News & Stories

Alumni Day 2013

Posted Apr 30 2013
Alumni day 2013

A beautiful spring morning kicked off SIPA's fifth annual Alumni Day on April 27, attracting 120 alumni and friends to Faculty House on the Morningside Heights campus. The program featured an address by Judy Cheng-Hopkins MIA ’78 bracketed by faculty- and alumni-led discussions and the first-ever alumni/faculty book fair and concluded with reunion cocktails and dinner for more than 100.

Cheng-Hopkins, who received a Global Leadership Award from the School earlier in April, is the UN deputy secretary-general for peacebuilding support. Her remarks addressed what she called "the changing nature of conflict and what it means to build peace today."

While democracy continues to grow worldwide, Cheng-Hopkins said, a few dozen states that have seen conflict in recent decades remain fragile and more likely to face a relapse into a conflict. Such nations are problematic for many reasons: because conflict and fragility breed poverty in a vicious cycle, they continue to rely on humanitarian aid, compromising their movement toward self-reliance. Another concern, she said, is that fragile states can provide refuge for terrorists.

"It takes a generation to take a vicious cycle and turn it into something virtuous," she said. "And peace will only come when [actors in an affected nation] want it — we on the outside can only support it."

Cheng-Hopkins concluded by sharing a mnemonic based on prerequisites for peace — security, healing, livelihoods, economy, and public administration — and inspired by a Yiddish word familiar to most New Yorkers: In short, she said, "Peacebuilding is a shlep."

The program began with a greeting from Alumni Council chair Roger Baumann IF ’84, MIA ’85, who ticked off a number of successful alumni initiatives at SIPA, including admissions ambassadors in nations around the world and an expanded mentoring program that matched 250 alumni with fellow alumni and current students.

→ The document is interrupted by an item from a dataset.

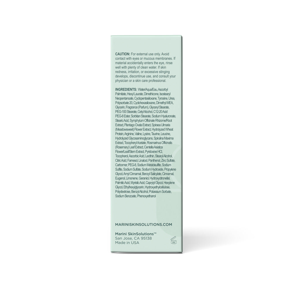 Water/Aqua/Eau, Ascorbyl Palmitate, Hexyl Laurate, Dimethicone, Isostearyl Neopentanoate, Cyclopentasiloxane, Tyrosine, Urea, Polysorbate 20, Cyclohexasiloxane, Dimethyl MEA, Glycerin, Fragrance (Parfum), Glyceryl Stearate, PEG-100 Stearate, Cetyl Alcohol, C12-20 Acid PEG-8 Ester, Sorbitan Stearate, Sodium Hyaluronate, Stearic Acid, Symphytum Officinale Rhizome/Root Extract, Plantago Ovata Extract, Spiraea Ulmaria (Meadowsweet) Flower Extract, Hydrolyzed Wheat Protein, Arginine, Valine, Lysine, Taurine, Leucine, Hydrolyzed Glycosaminoglycans, Spirulina Maxima Extract, Tocopheryl Acetate, Rosmarinus Officinalis (Rosemary) Leaf Extract, Centella Asiatica Flower/Leaf/Stem Extract, Pyridoxine HCl, Tocopherol, Ascorbic Acid, Lecithin, Stearyl Alcohol, Citric Acid, Farnesol, Linalool, Panthenol, Zinc Sulfate, Carbomer, PEG-8, Sodium Metabisulfite, Sodium Sulfite, Sodium Sulfate, Sodium Hydroxide, Propylene Glycol, Amyl Cinnamal, Benzyl Salicylate, Cinnamal, Eugenol, Limonene, Geraniol, Hydroxycitronellal, Palmitic Acid, Myristic Acid, Caprylyl Glycol, Hexylene Glycol, Ethylhexylglycerin, Hydroxyethylcellulose, Polydextrose, Benzyl Alcohol, Potassium Sorbate, Sodium Benzoate, Phenoxyethanol

Baumann noted the difficulties inherent in keeping tabs on SIPA's globetrotting population of graduates. "Our alumni are a particularly challenging lot," he said.

Interim Dean Robert Lieberman said SIPA continues to send its graduates around the world to exciting careers and saluted the Alumni Council for building the School's network in multiple sectors. "Your work is paying off," he said.

"We are building an extraordinary school," Lieberman said, adding that SIPA is on the verge of a great leap forward. "We continue to reimagine public-policy education, knitting depth and rigor of policy analysis with a global outlook that has been the School's hallmark."

In short, he said, "SIPA is a leader of the globalization trend... [it] is really on the rise thanks to a lot of people, but especially thanks to you, our alumni."

SIPA and Columbia faculty and SIPA alumni appeared in a series of morning and afternoon presentations. In one popular panel, several students joined Professor Elisabeth Lindenmayer to discuss their trip to North Korea in May 2012. At another, Professor Arvind Panagariya discussed issues treated by his new book on economic growth in India. Other panels focused on cybersecurity, disaster preparedness, European finance, and an overview of world hot spots.

In the last event at Faculty House, a dozen alumni and faculty members manned tables to promote books they had authored on a variety of subjects.

Scott Pesner, director of alumni affairs, said he received positive feedback from participating alumni: “They enjoyed hearing about and discussing some interesting topics in global public policy and appreciated that there were plenty of opportunities for networking.”

After the book fair, the day shifted to the Kellogg Center in the International Affairs Building for a reunion dinner attended by more than 100 guests from classes ending in 3 or 8.

Capping the day with a reunion event engaged a number of alumni who hadn’t been back to campus in a long time, Pesner said. “We continue to engage alumni in new ways,” he said, “We’re not just bringing them back to campus but helping them connect to SIPA overall.”